Quantum computing is moving from laboratory curiosity to an engineering arms race. For BTC and ETH — both built on elliptic-curve cryptography (secp256k1) — the relevant danger is Shor’s algorithm, which can turn public keys directly into private keys if executed on a sufficiently powerful, error-corrected quantum computer. Recent public commentary from industry figures and research groups suggests timelines may be shorter than many practitioners assumed, forcing custodians and engineers to plan actively rather than passively monitor.

This article breaks down the specific technical triggers scientists are watching, explains how coins can be stolen in practice, interprets the oft-cited “6.9M BTC at risk” figure, and delivers a prioritized, pragmatic roadmap for exchanges, custodians, and long-term holders.

What the recent analyses actually said

Justin Drake’s flag: two breakthroughs to watch

Ethereum researcher Justin Drake has framed the quantum risk in terms of two necessary engineering breakthroughs: (1) scalable, low-error quantum hardware at sufficient qubit counts; and (2) efficient, fault-tolerant implementations of Shor-style integer- and discrete-logarithm-breaking circuits. Drake’s point is not that the apocalypse is immediate, but that once both items are achieved the cryptanalytic step becomes straightforward and urgent. See his discussion summarizing how a pair of breakthroughs could compress previously optimistic timetables and enable practical attacks (analysis summarized in his commentary reported here). Read the coverage.

Google Quantum AI: the 6.9M BTC headline

Google’s Quantum AI team published an analysis estimating that roughly 6.9 million BTC (a subset of supply) could be vulnerable under a near-term quantum capability scenario. The meaning of that number is specific: it represents coins associated with addresses where public keys are already exposed or readily discoverable — the low-hanging fruit for a quantum attacker. Google’s analysis and the media amplification around it helpfully focused attention on where risk is concentrated, and also sparked sometimes-hyperbolic coverage of an imminent “end of Bitcoin.” For Google's public write-up and media summaries, see this explainer and follow-ups. Google's findings and broader reporting on industry reaction are here.

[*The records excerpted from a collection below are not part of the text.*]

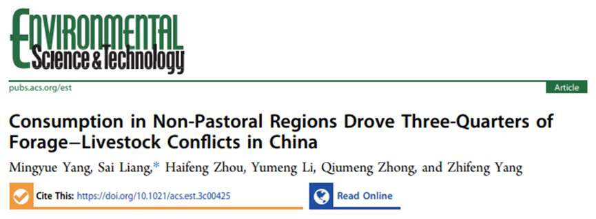 梁赛教授在环境科学领域顶级期刊《Environmental Science & Technology》发表题为“Consumption in non-pastoral regions drove three-quarters of forage-livestock conflict in China”的研究论文。梁赛教授为论文通讯作者,团队成员杨明岳为论文第一作者。
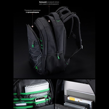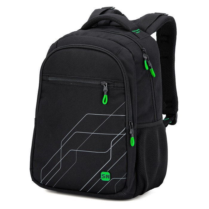 Рюкзак SkyName – это идеальный выбор для юных модников! Изготовлен из прочного 100% полиэстера, он сочетает в себе функциональность и стиль. На передней панели видна яркая зеленая логотипическая вышивка "SN", а также контрастные зеленые молнии и детали. Рюкзак оснащен множеством карманов, включая внешний карман на молнии и внутренний карман для ноутбука. Прочная конструкция и удобная посадка делают этот рюкзак отличным выбором для вашего ребенка!
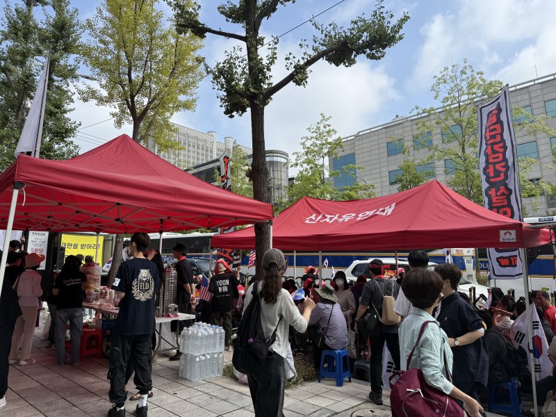 [서울=뉴시스]최은수 이수린 수습 기자 = 윤석열 전 대통령의 특수공무집행방해 혐의에 대한 첫 공판이 열리는 26일 오전 서울중앙지법 인근 곳곳에서 지지자들이 모여들었다.
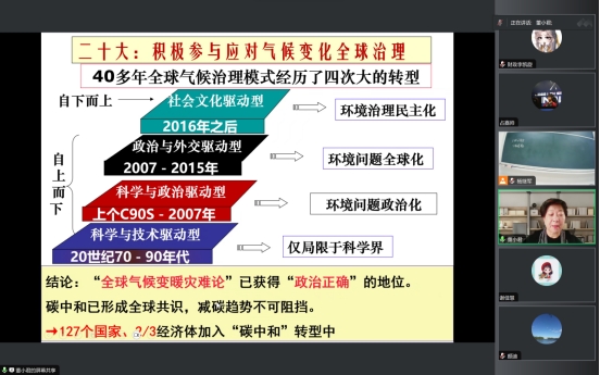 董教授围绕着“碳达峰”和“碳中和”两个关键词,结合我国的实际情况,对国际气候论坛格局及其背后所蕴含的政治经济学理论展开了精彩的阐述。
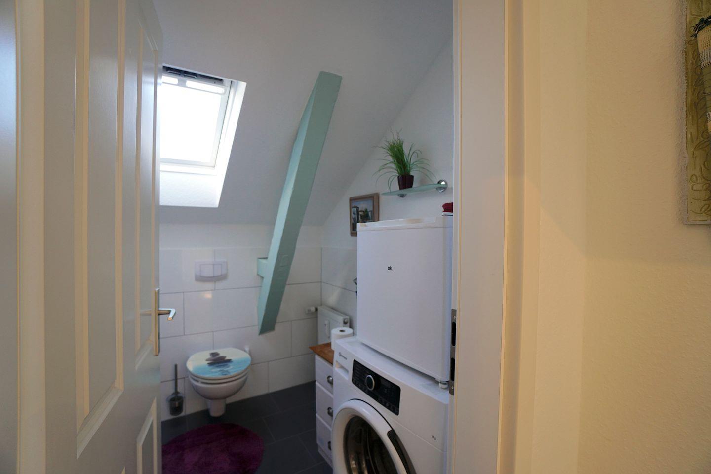 Des weiteren befindet sich ein kleines Gäste WC auf dem Flur in dem auch die Waschmaschine untergebracht ist.
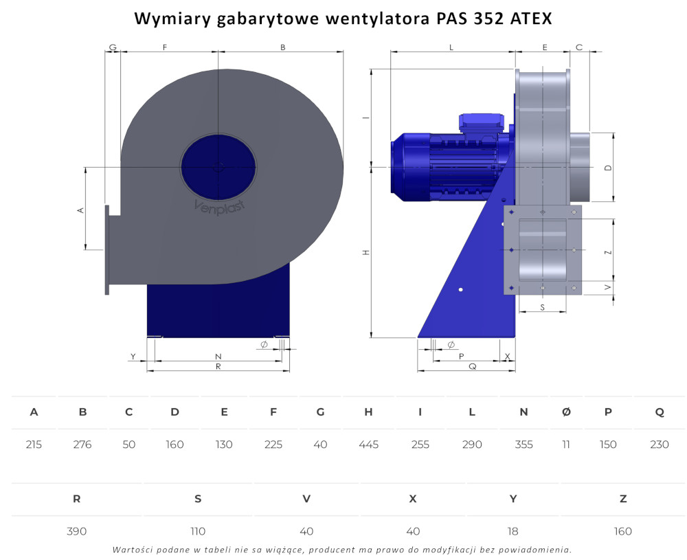 PAS 352 ATEX wentylator chemoodporny przeciwwybuchowy promieniowy
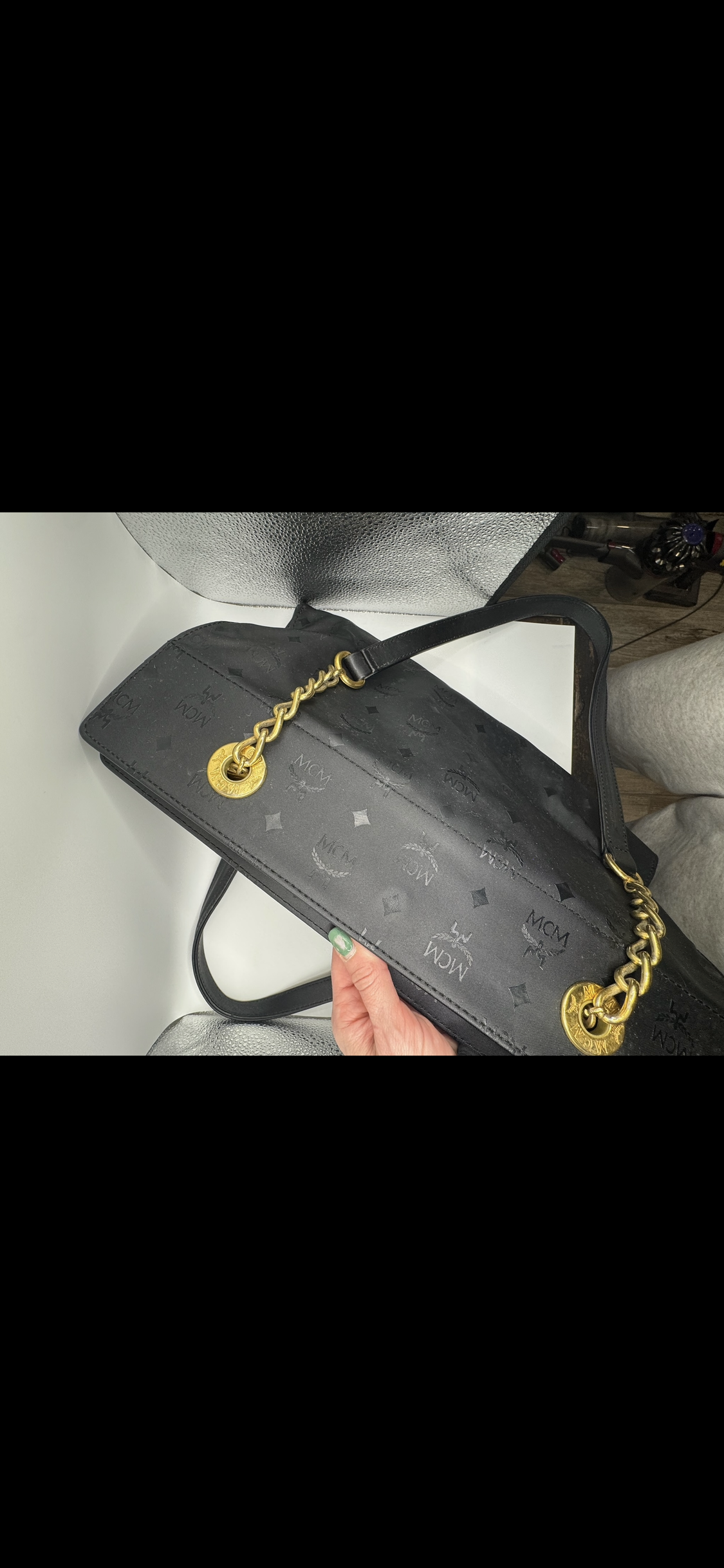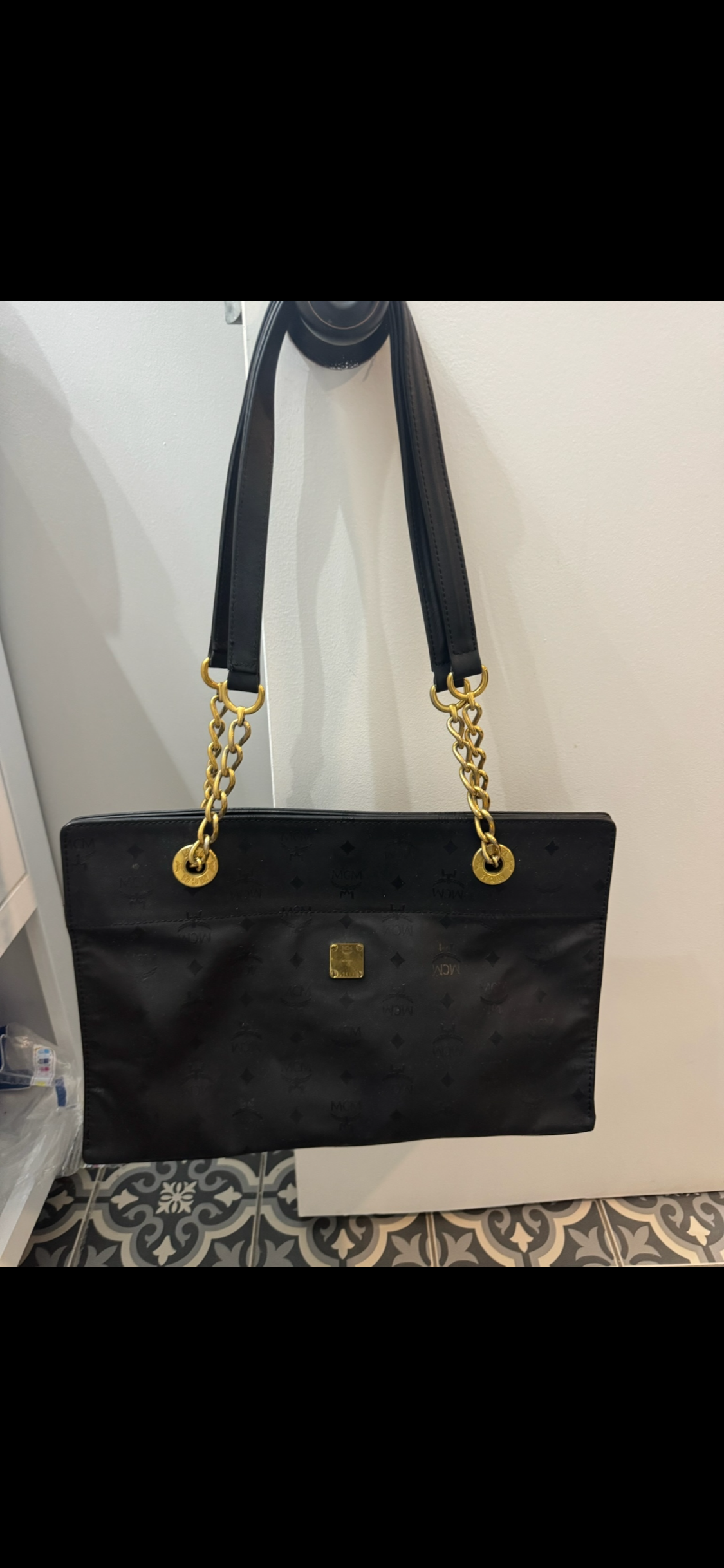 Authentic MCM Black Monogram Nylon Tote with Gold Chain Handles
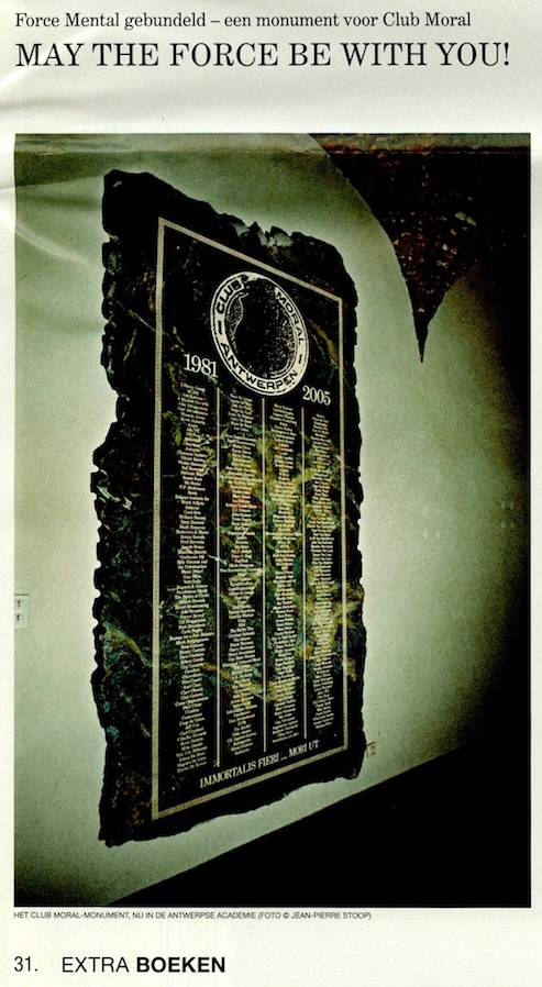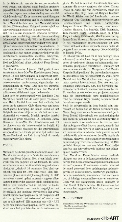 Force Mental gebundeld - een monument voor Club Moral MAY THE FORCE BE WITH YOU!In de Wintertuin van de Antwerpse Academie werd recent een nieuwe, quasi barokke grafzerk geplaatst: het Club Moral-monument. Van 17 tot 25 november liep er een tentoonstelling met als titel 'Club Moral rvstd'. En er verscheen een 636 pagina dikke facsimile bundeling van de 16 nummers van Force Mental, het blad van Club Moral dat tussen 1982 en 2005 verscheen. Het geeft een terugblik op een verdwenen periode uit de kunstwereld. Het Club Moral-monument ontstond oorspronkelijk naar aanleiding van de tentoonstelling 'Monopolis' in Witte de With in Rotterdam in 2005. Na wat omzwervingen vond het werk eindelijk een vaste stek in de Antwerpse Academie. Op een monumentale marmeren gedenkplaat staat een lange lijst van namen gegraveerd: die van alle kunstenaars, muzikanten, dichters, schrijvers, auteurs, groepen en individuen die tussen 1981 en 2005 in Club Moral of het tijdschrift Force Mental te gast waren. FORCE Misschien het belangrijkste monument voor Club Moral is de heruitgave in facsimile van alle nummers van Force Mental. Het is een kloek boekwerk van 636 pagina's op A4-formaat. In totaal verschenen er van het (inmiddels zo goed als onvindbare) tijdschrift 16 nummers. Het blad verscheen van 1982 tot 1988 eerst twee-, dan driemaandelijks en uiteindelijk onregelmatig. In 2005 verscheen - enkel op het internet - nog een allerlaatste nummer dat aansloot bij de eerdere reeks. Het is zeer verhelderend in het blad te bladeren en de idealen van toen te vergelijken met de praktijk van vandaag. Opvallend is het grote aantal kunstenaarspagina's in dit 'magazine dat zich bezig houdt met extremen' of 'met excessen op alle gebied'. Elk nummer van <H>ART heeft één kunstenaarspagina, Force Mental bestond voor het grootste deel uit kunstenaarspagina's. En het is een indrukwekkende lijst kunstenaars die ervoor zorgden: niet alleen Danny Devos en Anne-Mie Van Kerckhoven, maar ook Guillaume Bijl, Guy Bleus, het Belgian Institute for World Affairs van Jef Lambrecht, theaterregisseur Guy Cassiers, modeontwerpster Ann Demeulemeester, Jan Fabre, Kamagurka, Jacques Lizène, Bernd Lohaus, moordenaar Charles Manson, Ria Pacquée, Dirk Paesmans, Tom Puckey, Hugo Roelandt, Koen en Frank Theys, Ludwig Vandevelde, Marilou Van Lierop, danser Marc Vanrunxt, Jürgen Voordeckers e.v.a. In het 'nagekomen' internetnummer uit 2005 roeren zich ook enkele verwante zielen onder de jongere kunstenaars: zo Agency (Kobe Matthijs) en Dennis Tyfus. Marc HOLTHOF

How Shor’s algorithm would be used in practice

A short technical primer

Shor’s algorithm reduces the elliptic-curve discrete logarithm problem (ECDLP) to a polynomial-time quantum computation. In simple terms: given a public key P = k*G (where k is the private key, G is the curve base point), a large enough quantum computer running Shor’s algorithm can recover k efficiently — something classical computers cannot do in feasible time for secp256k1-sized keys.

Realistic attacker workflows (attack surface)

• Public-key exposure: If an address’s public key is already known (for example, because it has been used in a spent transaction that revealed the pubkey), an attacker can target that UTXO or account immediately. This is especially relevant to some Bitcoin output types and is severe for Ethereum, where an account’s public key is effectively inferable from address usage and signature material.
• Public-key reuse: Reusing the same public key (or address types that reveal pubkeys early) concentrates risk. Reused keys are an easy priority list for attackers.
• Mid-transaction attacks (mempool race): When a user broadcasts a signed transaction, their signature and public key are in the transaction data before confirmation. A sufficiently fast attacker could, in theory, recover the private key from the broadcasted pubkey and generate a conflicting transaction (double-spend) that pays themselves, racing it to miners. In practice this requires both very fast key-recovery and network attack capability; but the possibility exists and is why broadcast-time exposure is non-trivial.
• Cold-storage exfiltration: If an attacker can recover private keys for addresses in cold storage whose public keys were previously exposed, those funds can be drained once the attacker transfers them to hot wallets.

Why ETH and BTC differ

Ethereum account addresses are directly derived in a way that makes public-key recovery easier once signatures have been observed; many ETH addresses end up with observable public key material after interactions. Bitcoin UTXO models can hide pubkeys until spend, but certain scripts (e.g., older P2PK outputs or reused keys) already expose them. That asymmetry explains why analysts worry ETH may present a larger immediate surface, while BTC still has a meaningful set of exposed coins captured in the 6.9M estimate.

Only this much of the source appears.